Primeiro dia do júri no Tribunal do Rio de Janeiro marca tensão com defensoras que abandonam plenário e detalhes sobre o caso da morte do menino Henry Borel

O julgamento Henry Borel inicia com abandono da defesa de Jairinho e detalhes do caso que chocou o Brasil em 2021.
Tensão e polêmica marcam o julgamento Henry Borel no Tribunal do Rio de Janeiro
O julgamento Henry Borel começou na manhã de segunda-feira, 23 de março de 2026, no Tribunal de Justiça do Estado do Rio de Janeiro. Esse processo judicial acompanha a morte do menino Henry Borel, ocorrida em 2021, e envolve como réus sua mãe, Monique Medeiros, e seu padrasto, Jairo Souza Santos Júnior, conhecido como Dr. Jairinho. O primeiro dia do júri popular foi marcado pela saída abrupta da defesa de Jairinho do plenário, gerando grande tensão no tribunal. A juíza responsável negou o pedido de suspensão do julgamento, que alegava cerceamento de defesa, fato que motivou o abandono do plenário pela equipe do acusado.
Defesa de Jairinho abandona plenário após negativa de suspensão
A defesa de Jairo Souza Santos Júnior argumentou que não teve acesso completo às provas digitais, especialmente ao material integral extraído do notebook de Leniel Borel, pai da vítima. Os advogados afirmaram que houve uma seleção prévia do conteúdo, o que, segundo eles, comprometeria o direito à ampla defesa. Mesmo com o pedido formal, a juíza manteve o julgamento em andamento, o que levou à saída da defesa do Tribunal do Júri no Rio de Janeiro. Em resposta, a acusação anunciou que iria solicitar a nomeação da Defensoria Pública para garantir que o julgamento prosseguisse, evitando adiamentos no processo. Essa situação ilustra o embate intenso entre as partes envolvidas durante o julgamento.
Acusações contra Monique Medeiros e seus desdobramentos legais
Monique Medeiros está sendo julgada por homicídio por omissão qualificada, tortura, coação e fraude processual. O Ministério Público sustenta que ela tinha conhecimento das agressões praticadas por Jairinho contra o menino Henry Borel e que consentiu com essas atitudes. Contudo, a defesa da ré apresenta a tese de que Monique era vítima de um relacionamento abusivo e busca sua absolvição. A acusada chegou ao tribunal usando uma camiseta com a imagem do filho e a frase: “Eu sou testemunha do amor entre mãe e filho”, demonstrando a emoção e a complexidade do caso dentro do ambiente judicial.
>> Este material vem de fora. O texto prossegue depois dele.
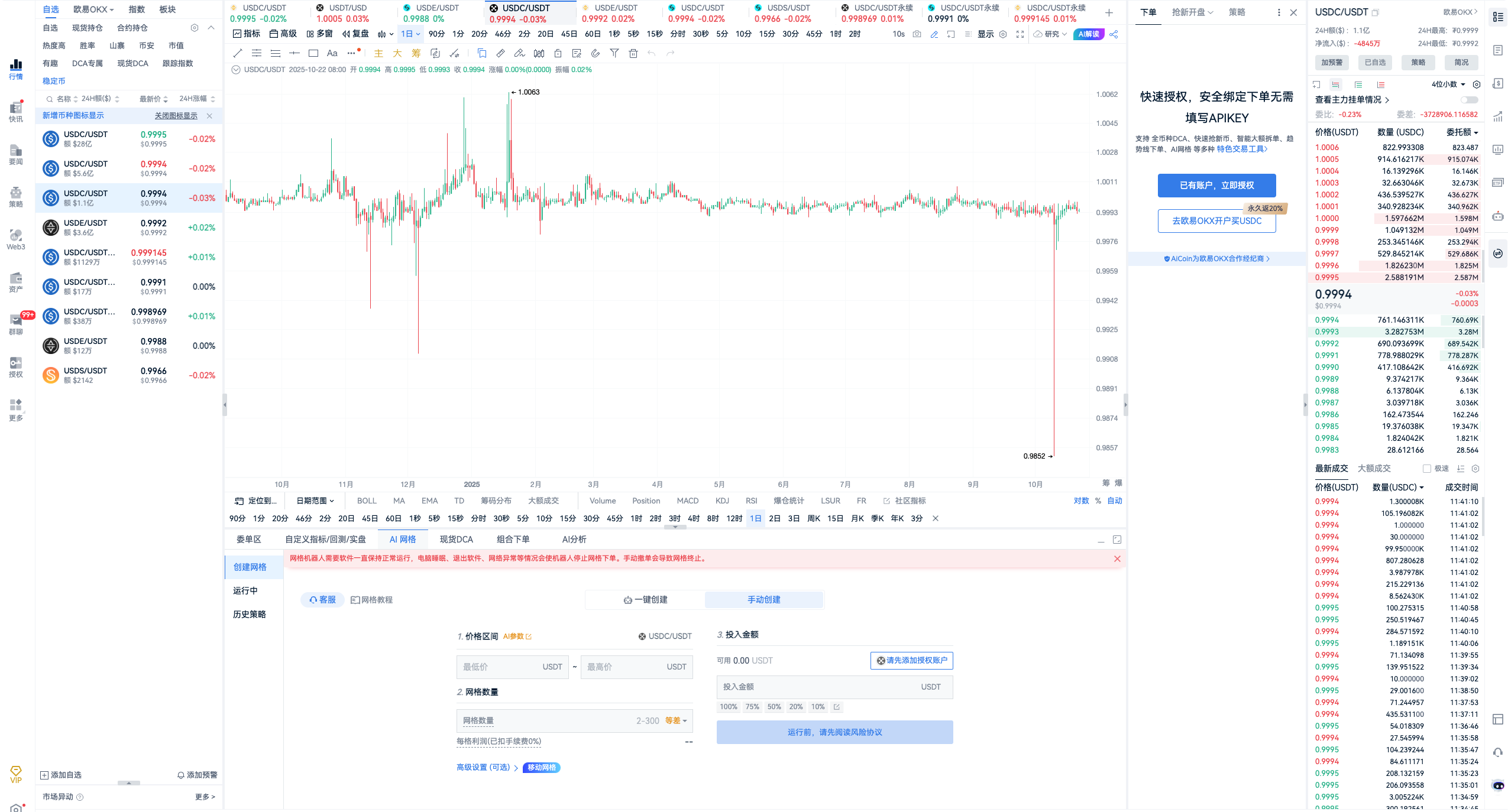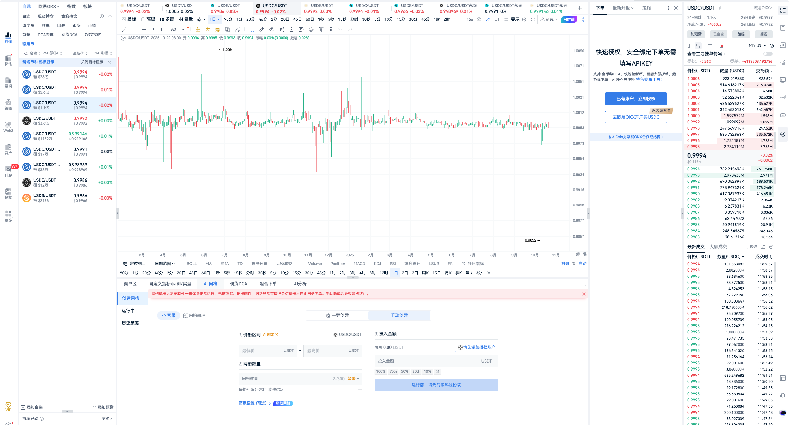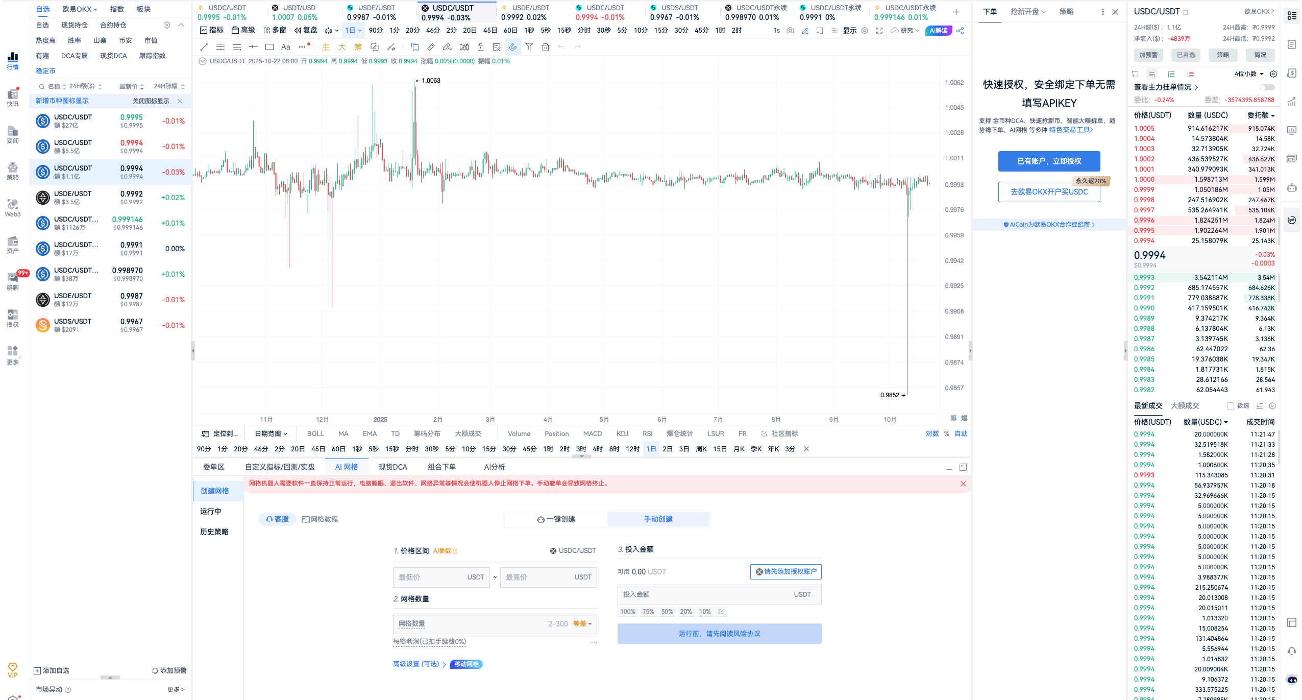 分析近期 USDC/USDT 的价格表现(如下图所示),我们可以观察到该交易对的最低价为 0.9852,最高价达 1.0063,中间振幅超过 2.14%;虽然稳定币价格的波动性低于传统加密资产,但这种微小波动正是网格交易策略获利的基础。

Detalhes técnicos e contexto das lesões que levaram à morte de Henry Borel
O laudo técnico do Instituto Médico Legal (IML) constatou a existência de 23 lesões corporais no corpo do menino Henry Borel, ocorrido em 8 de março de 2021, na Barra da Tijuca. A perícia identificou como causa da morte hemorragia interna e laceração hepática provocadas por ação contundente, descartando a hipótese de acidente doméstico. As acusações contra Jairinho e Monique incluem homicídio triplamente qualificado, tortura e fraude processual. O caso teve grande repercussão nacional e foi um dos motivadores para a criação da Lei Henry Borel, que tornou hediondo o crime contra menores de 14 anos, aumentando a rigidez das punições para esses delitos.
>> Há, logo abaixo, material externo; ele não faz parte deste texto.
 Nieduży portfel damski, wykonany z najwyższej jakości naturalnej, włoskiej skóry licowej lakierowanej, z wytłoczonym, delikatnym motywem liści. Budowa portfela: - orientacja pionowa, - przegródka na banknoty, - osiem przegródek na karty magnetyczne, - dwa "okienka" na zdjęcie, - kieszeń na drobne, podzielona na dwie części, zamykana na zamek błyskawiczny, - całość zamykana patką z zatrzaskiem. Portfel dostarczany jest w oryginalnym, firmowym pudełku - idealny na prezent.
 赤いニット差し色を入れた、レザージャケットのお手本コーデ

Composição do júri e desdobramentos esperados para o veredito
O julgamento está sendo conduzido no II Tribunal do Júri do Rio de Janeiro e o veredito será emitido por um Conselho de Sentença formado por sete jurados sorteados. Este formato reforça a importância do julgamento popular em casos de grande repercussão social e judicial. A decisão desse conselho terá impacto direto não apenas sobre as vidas dos réus, mas também sobre a percepção pública dos crimes contra crianças e adolescentes no país. O desenrolar do julgamento continua sendo acompanhado de perto por autoridades, especialistas e pela sociedade civil, dada a sensibilidade e complexidade do caso.
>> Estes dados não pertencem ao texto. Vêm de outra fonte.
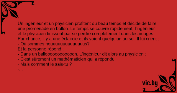 Orientierung in einem Heissluftballon Mit dem Ballon verirrt Marketing Ο Διευθυντής Шерлок Холмс и доктор Уотсън летели с балон. Човек, летящ на въздушен балон, установил, че се е загубил. Ο κομπιουτεράς και ο μάνατζερ Воздушный шар сбился с курса, и воздухоплаватель срочно опустился с ним вниз. A man flying in a hot air balloon suddenly realizes he’s lost. He reduces height and spots a man down below. Un hombre está volando en un globo aerostático y se da cuenta de que se encuentra perdido. Mientras hace algunas maniobras ve a un tipo caminando por el campo. El hombre hace descender el globo algunos metros y grita: - Perdone, ¿me puede decir dónde estoy?. A lo que el hombre que está abajo... George and Harry out in a hot air balloon to cross the Atlantic Ocean. After 37 hours in the air, George says "Harry, we better lose some altitude so we can see where we are". Harry let's out some of the hot air in the balloon, and the balloon descends to below the cloud cover. George says, "I... Zwei Ballonfahrer haben sich im Nebel mit ihrem Ballon verirrt. Plötzlich taucht im Nebel ein 2. Ballon auf mit einer Person an Bord. Da ruft einer der beiden Verirrten: " Hallo, können Sie uns sagen, wo wir uns befinden?" Der andere Ballonfahrer gibt keine Antwort. Kurz bevor die Ballone ausser... A guy is flying in a hot air balloon and he's lost. So he lowers himself over a field and shouts to a guy on the ground:"Can you tell me where I am, and which way I'm headed?" "Sure! You're at 43 degrees, 12 minutes, 21.2 seconds north; 123 degrees, 8 minutes, 12.8 seconds west. You're at 212... Un tipo va en coche por la carretera y se da cuenta de que está perdido. Se detiene en un arcén y pregunta a un viandante que pasaba por allí: - Oiga, ¿puede ayudarme? He quedado a las seis con unos clientes, llevo dos horas de retraso y no sé dónde estoy. - Por supuesto,le contesta el... , Il y a deux types dans une montgolfière. Le premier demande au second : "Excusez-moi, pouvez-vous me dire où nous sommes ?" Le second réfléchit longtemps, très longtemps avant de dire : "Eh... Uma vez um homem viajava em um balão de ar quente quando descobriu que estava totalmente perdido. Visto que sua situação era desesperadora, resolveu diminuir velocidade, e a sua altitude para ver... Un tipo volaba en globo, de pronto se percató que estaba perdido, maniobró y descendió un poco. Divisó a un hombre abajo en la calle, bajó más y le grito: ¡Disculpe! ¿Podría usted ayudarme?... En man i en varmluftsballong insåg att han kommit vilse. Han minskade höjden och såg en kvinna nere på marken. Han sänkte sig ytterligare ner och ropade: - Ursäkta, kan du hjälpa mig? Jag hade... Un uomo su un pallone aerostatico finisce su un albero in mezzo alle campagne in una zona desolata. Passa di li' una persona, allora l'uomo sul pallone gli chiede: - Scusi, mi sa dire dove ci... A woman in a hot air balloon realized she was lost. She reduced altitude and spotted a man below. She descended a bit more and shouted, "Excuse me, can you help me? I promised a friend I would... Um homem voando num balão percebe que estava perdido. Ao ver alguém lá embaixo, resolve descer um pouco para perguntar. Quando está suficientemente baixo, grita: — Hei! Você ai! Pode me dizer onde... Adamın biri balona binmiş ve uçarken yolunu kaybedip bilmediği bir yerde bir çayıra doğru sürüklenmiş. Balonun aşağıda çok yaklaştığı bir sırada aşağıda birini görmüş ve sormuş: - Kayboldum, nerede... Ο φίλοι κάνουν ένα ταξίδι με αερόστατο. Κάποια στιγμή αρχίζει να βρέχει. Σε πολύ λίγο η βροχή γίνεται καταιγίδα και το αερόστατο κομμάτια. Πυξίδες και χάρτες χάνονται. Οι δύο φίλοι κρατιούνται από...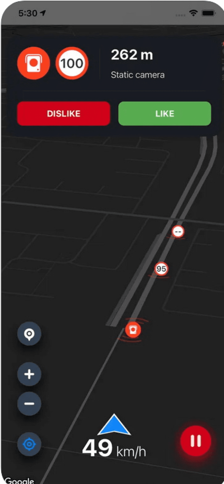 Детектор камер скорости — это приложение поможет вам своевременно узнать о камерах скорости, плохой дороге, лежачих полицейских и других угрозах. Позволяет пополнять базу угроз самостоятельно, а также позволяет отфильтровывать угрозы, информация о которых вам не интересна.

Impacto do caso Henry Borel na legislação e na sociedade brasileira
O caso Henry Borel não apenas mobilizou o sistema judicial, mas também provocou mudanças significativas na legislação brasileira. A criação da Lei Henry Borel, que classifica crimes contra menores de 14 anos como hediondos, reflete a tentativa do legislador de endurecer a repressão a essas práticas. A ampla divulgação do caso trouxe à tona debates sobre violência doméstica, abuso infantil e responsabilidade parental. A repercussão social e jurídica evidencia a importância do julgamento Henry Borel para a reflexão sobre os mecanismos de proteção às crianças e adolescentes, bem como para a efetividade das políticas públicas de combate à violência familiar.